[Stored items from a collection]
►

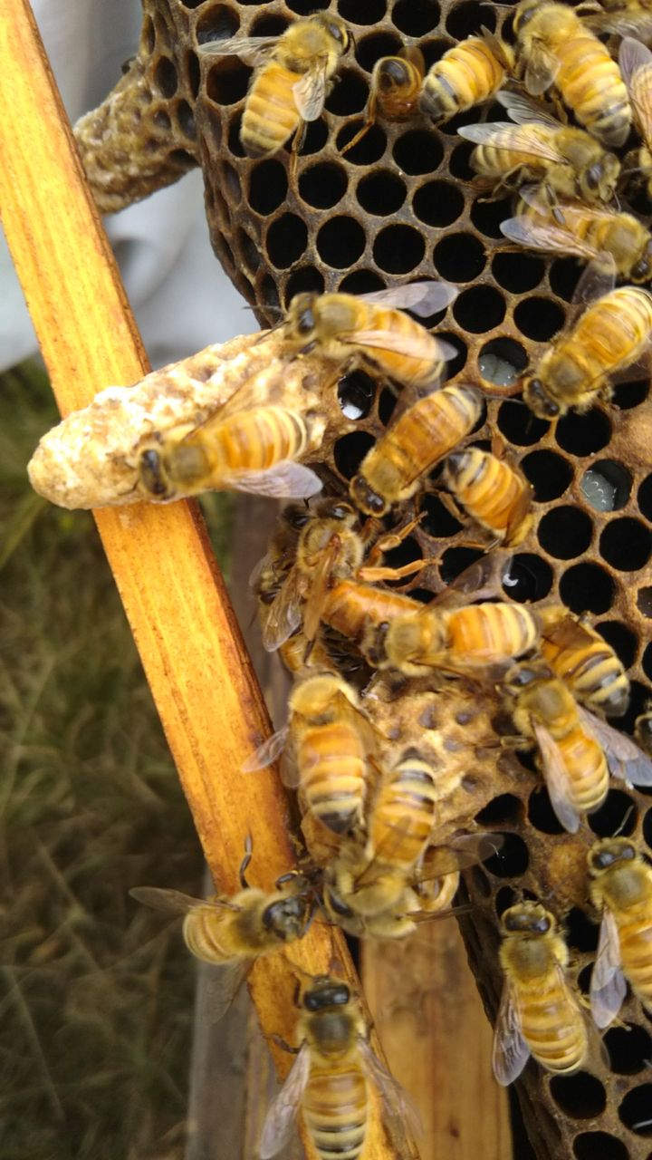2018年04月24日 はちのハッチ 鳥の雛がかえる事をハッチって言うけれど、王台から女王蜂が出てくることは何て言うのかな?今日は女王様が王台から出てくる所を見る事が出来ました!今日は自分の内検ではなかったので、写真を撮ることが出来ましたが、女王様が王台を齧ってる→シャッターチャンス!→スマホを取りに行く→出てしまっていた。。。って感じの写真になりました。この写真の中に女王様がいますから探して見てくださいね。
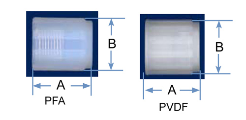| PFA Part No. | Tube O.D. | A | B | PVDF Part No. | A | B |
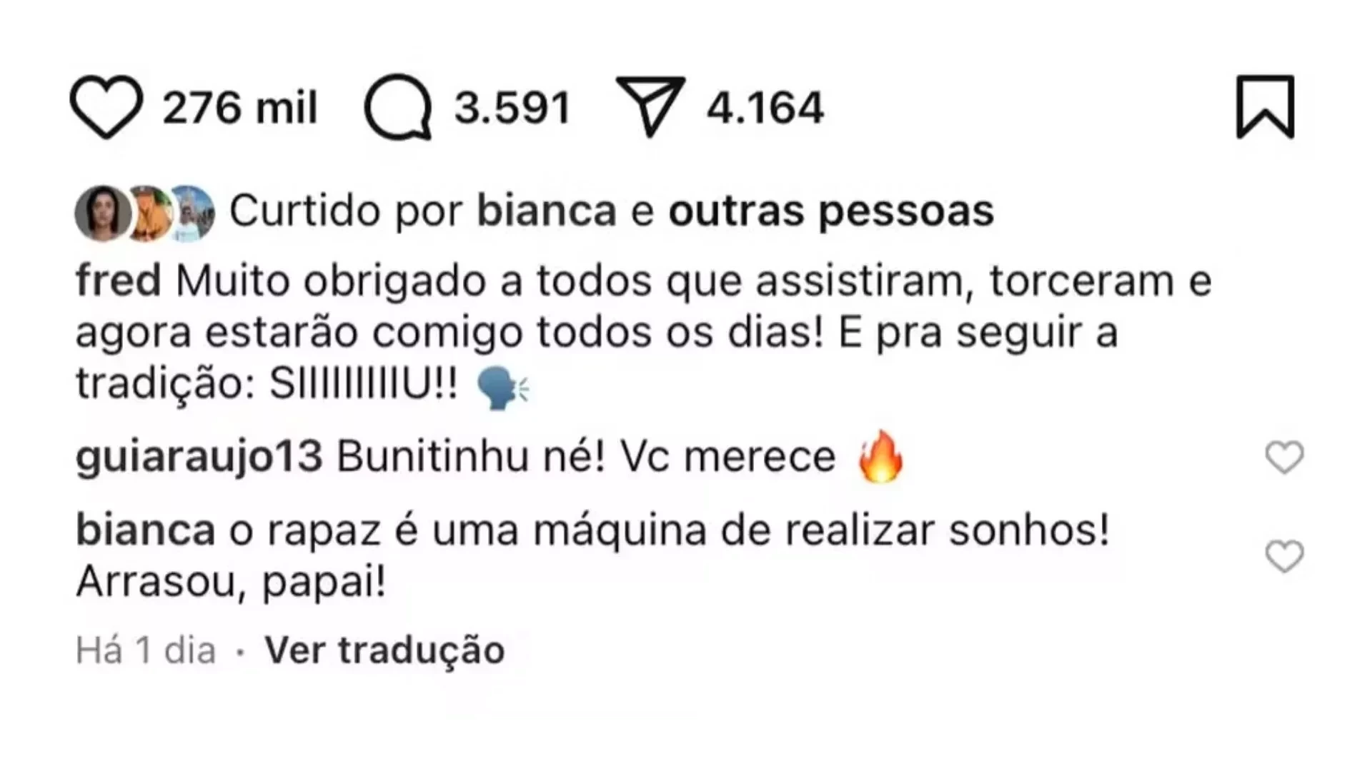Bianca Andrade, com 30 anos, fez elogios públicos ao ex-companheiro Fred Bruno, que tem 35. A empresária comentou em uma postagem no Instagram do jornalista na segunda-feira (13), mencionando sua estreia como apresentador do Globo Esporte de São Paulo. "O rapaz é uma máquina de realizar sonhos. Arrasou, papai", declarou Bianca, que é mãe de Cris, fruto de sua relação com o também ex-participante do Big Brother Brasil.
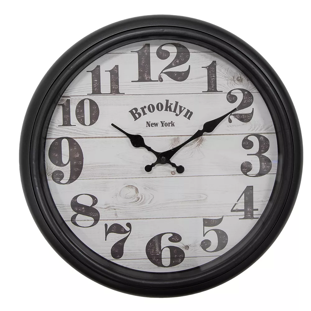 Dekorativní černo-béžové nástěnné hodiny z plastu a skla ve venkovském stylu. Fungují na baterii 1xAA (není součástí dodávky). Snadno se zavěšují pomocí 1 šroubu.
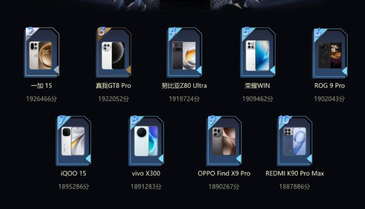 鲁群众这个年度性能最强手机一共评比出十款,名循序二的是一加15,名循序三的是realmeGT8 Pro,名循序四的是努比亚Z80 Ultra,名循序五的是荣耀WIN,名循序六的是ROG 9 Pro、名循序七的是iQOO 15、名循序八的是vivo X300、名循序九的是OPPO Find X9 Pro,名循序十的是REDMI K90 Pro Max。不错看出这个榜单上榜的机型基本上齐所以性能游戏体验为卖点的,平方全面平衡的机型只好两款上榜。出奇义的是小米17系列一网尽扫、荣耀Magic8系列也一网尽扫。倒是荣耀WIN这款机型给出了惊喜。
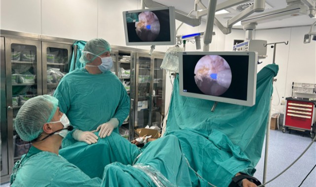 Teorik ve uygulamalı eğitimin verildiği kursta ameliyat sırasında kursiyer hekimlerden gelen sorular da sesli bağlantı ile yanıtlandı. (Haber Merkezi)

◄

#### WHAT THE TASK REQUIRES:
Pictures excluded, repeat the records exactly from their opening line through the line containing "Part No. | A | B |".

#### SOLUTION TO THIS EXERCISE:
2018年04月24日 はちのハッチ 鳥の雛がかえる事をハッチって言うけれど、王台から女王蜂が出てくることは何て言うのかな?今日は女王様が王台から出てくる所を見る事が出来ました!今日は自分の内検ではなかったので、写真を撮ることが出来ましたが、女王様が王台を齧ってる→シャッターチャンス!→スマホを取りに行く→出てしまっていた。。。って感じの写真になりました。この写真の中に女王様がいますから探して見てくださいね。
| PFA Part No. | Tube O.D. | A | B | PVDF Part No. | A | B |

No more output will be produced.